For some individuals it makes sense to operate as Limited Company especially considering the recent announcement that Class 4 National Insurance is rising. Saving tax should not be the only consideration when deciding on operating as a limited company, there are many different factors to consider.
Director/shareholders of a limited company are traditionally remunerated by receiving a small salary up to the national insurance primary threshold and the payment of dividends.
Dividends received by an individual are subject to special tax rates. The first £5,000 of dividends are charged to tax at 0% – this is called the dividend allowance. Dividends received above the allowance are taxed at the following rates:
- 7.5% for basic rate taxpayers
- 32.5% for higher rate taxpayers
- 38.1% for additional rate taxpayers
Dividends within the allowance still count towards an individual’s basic or higher rate band and so may affect the rate of tax paid on dividends above the £5,000 allowance. To determine which tax band dividends fall into, dividends are treated as the last type of income to be taxed.

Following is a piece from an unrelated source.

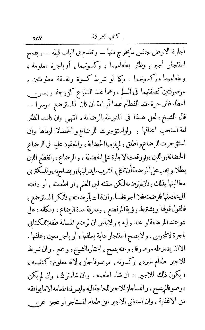 كثمن والمعينة كمبيع ولو جعل الأجرة صبرة دراهم أو غيرها صحت: كبيع ويجوز إجارة الأرض بجنس ما يخرج منها - وتقدم في الباب قبله - ويصح استئجار أجير وظئر بطعامهما وكسوتهما أو بأجرة معلومة وطعامهما وكسوتهما وكما لو شرط كسوة ونفقة معلومتين موصوفتين كصفتهما في السلم وهما عند التنازع كزوجة ويسن إعطاء ظئر حرة عند الفطام عبدا أو أمة إن كان المسترضع موسرا - قال الشيخ: لعل هذا في المتبرعة بالرضاعة انتهى وإن كان الظئر أمة استحب إعتاقها ولو استؤجرت للرضاع والحضانة لزماها وإن استؤجرت للرضاع وأطلق لم يلزمها الحضانة والمعقود عليه في الرضاع الحضانة واللبن ولو وقعت الإجارة على الحضانة والرضاع وانقطع اللبن بطلا ويجب على المرضعة أن تأكل وتشرب ما يدر لبنها ويصلح به وللمكتري مطالبتها بذلك فإن لم ترضعه لكن سقته لبن الغنم أو أطعمته أو دفعته إلى خادمتها فأرضعه فلا أجرة لها وإن قالت: أرضعته فأنكر المسترضع فالقول قولها ويشترط رؤية المرتضع ومعرفة مدة الرضاع ومكانه: هل هو عند المرضعة أو عند وليه؟ ولا بأس أن ترضع المسلمة طفلا للكتابي بأجرة لا لمجوسي ولا يصح استئجار دابة بعلفها أو بأجر معين وعلفها إلا أن يشترطه موصوفا وعنه يصح اختاره الشيخ وجمع أو إن شرط للأجير طعام غيره وكسوته موصوفا جاز لأنه معلوم: كنفسه ويكون ذلك للأجير: إن شاء أطعمه وإن شاء تركه وإن لم يكن موصوفا لم يصح وإنما جاز للأجير للحاجة إليه وليس له أطعامه إلا ما يوفقه من الأغذية وإن استغنى الأجير عن طعام المستأجر أو عجز عن

From April 2018, the Chancellor announced that the dividend allowance will be reduced from £5,000 to £2,000 and the government expect that 80% of general investors will still pay no tax on dividends.
The reduction will affect Director/shareholders of family companies who take dividends in excess of the £2,000 limit. The cost of the restriction to the dividend allowance will be £225 for basic rate taxpayers, £975 for higher rate taxpayers and £1,143 for additional rate taxpayers.